Шнур дёрнулся. От удивления и удовольствия Ганнибал резко выдохнул. Полсекунды спустя, Уилл издал такой же звук: он был увлечён реакцией Ганнибала так же, как тот был увлечён движением верёвки.
— У них что-то на крючке, — сказал Уилл, чувствуя, что должен что-нибудь сказать.
— Да, — отозвался Ганнибал слегка напряжённо: будто открылось окно, и все его инстинкты обострились при виде птиц, неожиданно оказавшихся в зоне досягаемости.
Он сидел на корточках, и Уилл вдруг заметил, как близко они с Ганнибалом находятся: практически стиснуты в крошечном пространстве лодки. Когда Ганнибал переместил свой вес на другую ногу, его колено почти коснулось колена Уилла; их согнутые ноги неотвратимо указывали друг на друга.
— Опасно, — пробормотал Ганнибал.
«Да», — подумал Уилл.
— Неосмотрительно, — продолжил Ганнибал. — Небрежно.
«Но при этом», — подумал Уилл.
— Но при этом, — сказал Ганнибал, — крючковые снасти весьма эффективны.
— К сожалению, да, — откликнулся Уилл и внутренне добавил: «в самых разных ситуациях».

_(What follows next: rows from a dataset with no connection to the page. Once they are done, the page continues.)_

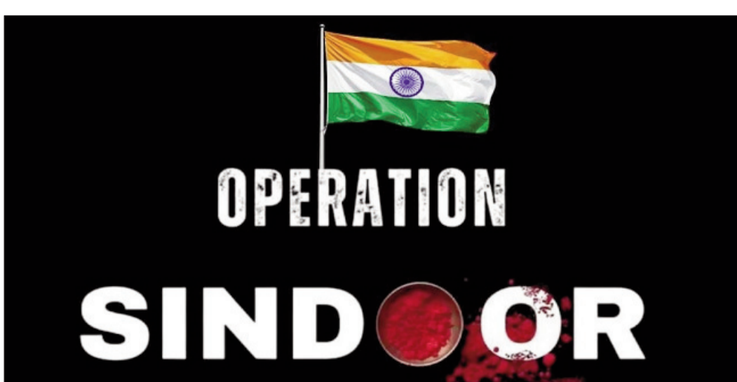
सूक्ष्म रणनीति और दृढ़ राजनीतिक इच्छाशक्ति के रूप में याद रखेगा। उन्होंने कहा कि यह अभियान दुश्मनों के लिए स्पष्ट संदेश है कि वे बच नहीं सकते। रक्षा मंत्री राजनाथ सिंह ने कहा कि ऑपरेशन सिंदूर के दौरान सशस्त्र बलों ने कहीं भी छिप जाएँ, भारत की नजर और प्रहार से कि ऑपरेशन सिंदूर के दौरान सशस्त्र बलों ने

केंद्रीय गृह एवं सहकारिता मंत्री अमित शाह ने कहा कि ऑपरेशन सिंदूर भारत का एक युगांतरकारी मिशन है, जो दुश्मनों को भारतीय सशस्त्र बलों की अचूक मारक क्षमता की याद दिलाता रहेगा। इतिहास इस दिन को भारतीय सेना की सटीक कार्रवाई, खुफिया एजेंसियों की
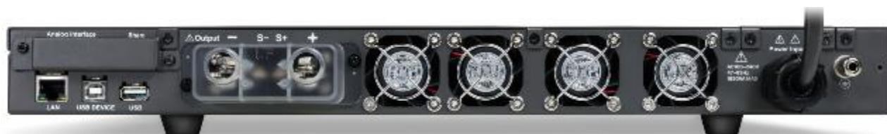
Рисунок 2. Вид задней панели источников
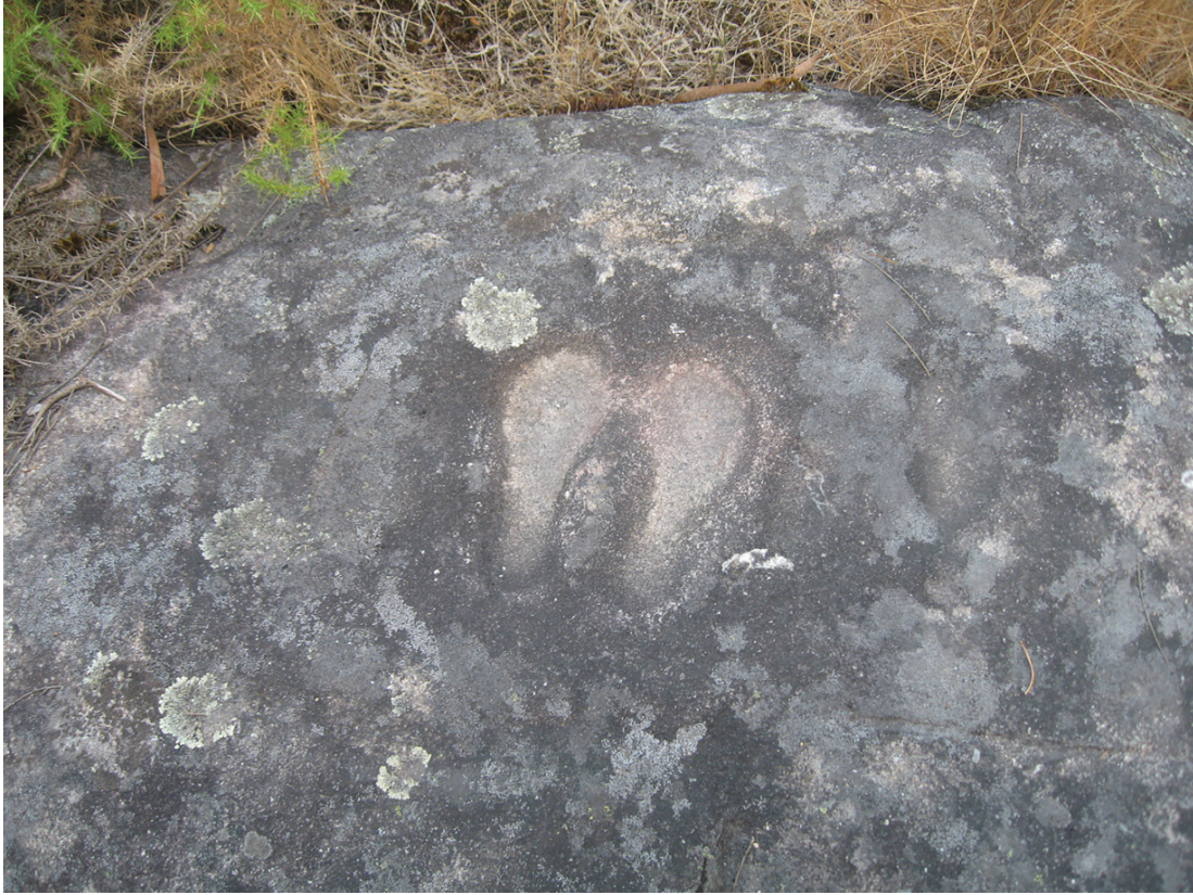
Figura 6 – Podomorfos da Quinta dos Laranjais, Guimarães (seg. Cardoso, 2015).
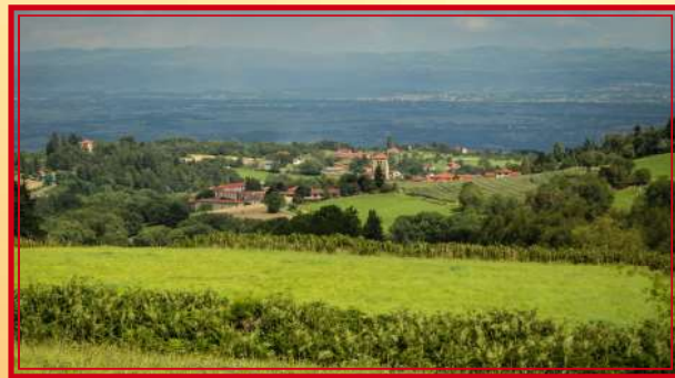
Le village de Verrières en Forez

A votre disposition tout au long de votre séjour :
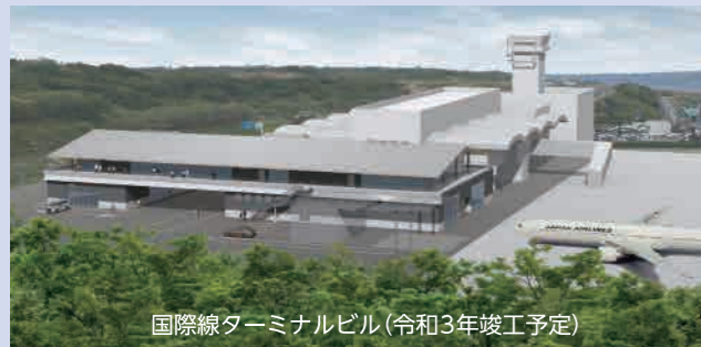
国際線ターミナルビル(令和3年竣工予定)

拡 空港・港湾を活用した誘客促進 14億1,061万円 南紀白浜空港の機能強化や大型クルーズ客船寄港増に向けた支援制度の創設などにより、空港・港湾を活用した誘客をさらに促進します。
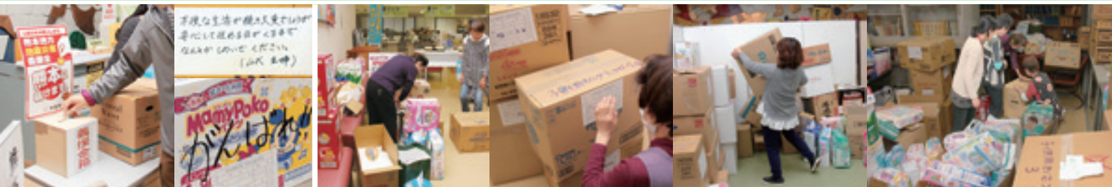
義援金の受け付け・応援メッセージ
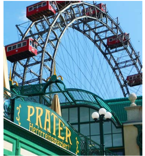
Wie wäre es mit einer Fahrt?
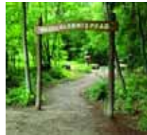
Hier geht's los!
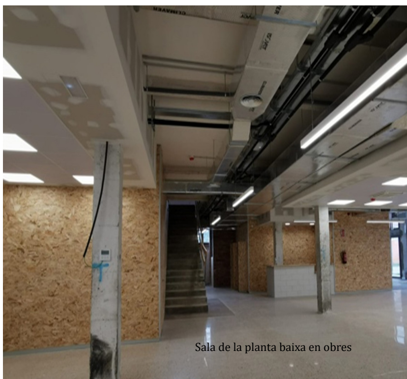
Sala de la planta baixa en obres

«Эффективность важнее безопасности. Вот, почему я здесь».
Он ещё несколько мгновений продолжал удерживать их руки на подрагивающем шнуре, заворожённый шрамами на своих костяшках. Уилл вспомнил ту ночь, руки Ганнибала на своих руках — как тот смывал кровь, накладывал бинты. «Не уходи», — сказал он тогда тихо и повторял до сих пор, безмолвно вплетая в каждое слово и дело. Рука Ганнибала дрогнула... только для того, чтобы почувствовать ответную дрожь пальцев Уилла. Уилл не хотел знать, но он знал — Ганнибал был бы только рад провести остаток дня в таком положении: с соединёнными руками, наслаждаясь вместе каждой дрожью и судорогой попавшейся на крючок добычи.
«Убери руку», — скомандовал Уилл себе.
Он не мог.
Верёвка резко дёрнулась, вырвав его из задумчивости, и он, наконец, смог разжать пальцы и отпрянуть подальше. Уилл попытался сохранить равновесие, хватаясь за всё подряд, ища что-нибудь ощутимое и настоящее, лишь бы не потонуть. Его взгляд упёрся в уродливый оранжевый поплавок, и — вот оно — его захлестнул почти осязаемый гнев.
— Мерзавцы, — глухо сказал он.
Ганнибал промолчал, разглядывая шнур у себя в руках. Уилл попытался собраться, сконцентрировавшись на решении конкретной задачи. Нужно было сделать хоть что-то, или он пойдёт ко дну и никогда больше не сможет выплыть. Уилл гневно ткнул пальцем в направлении поплавка.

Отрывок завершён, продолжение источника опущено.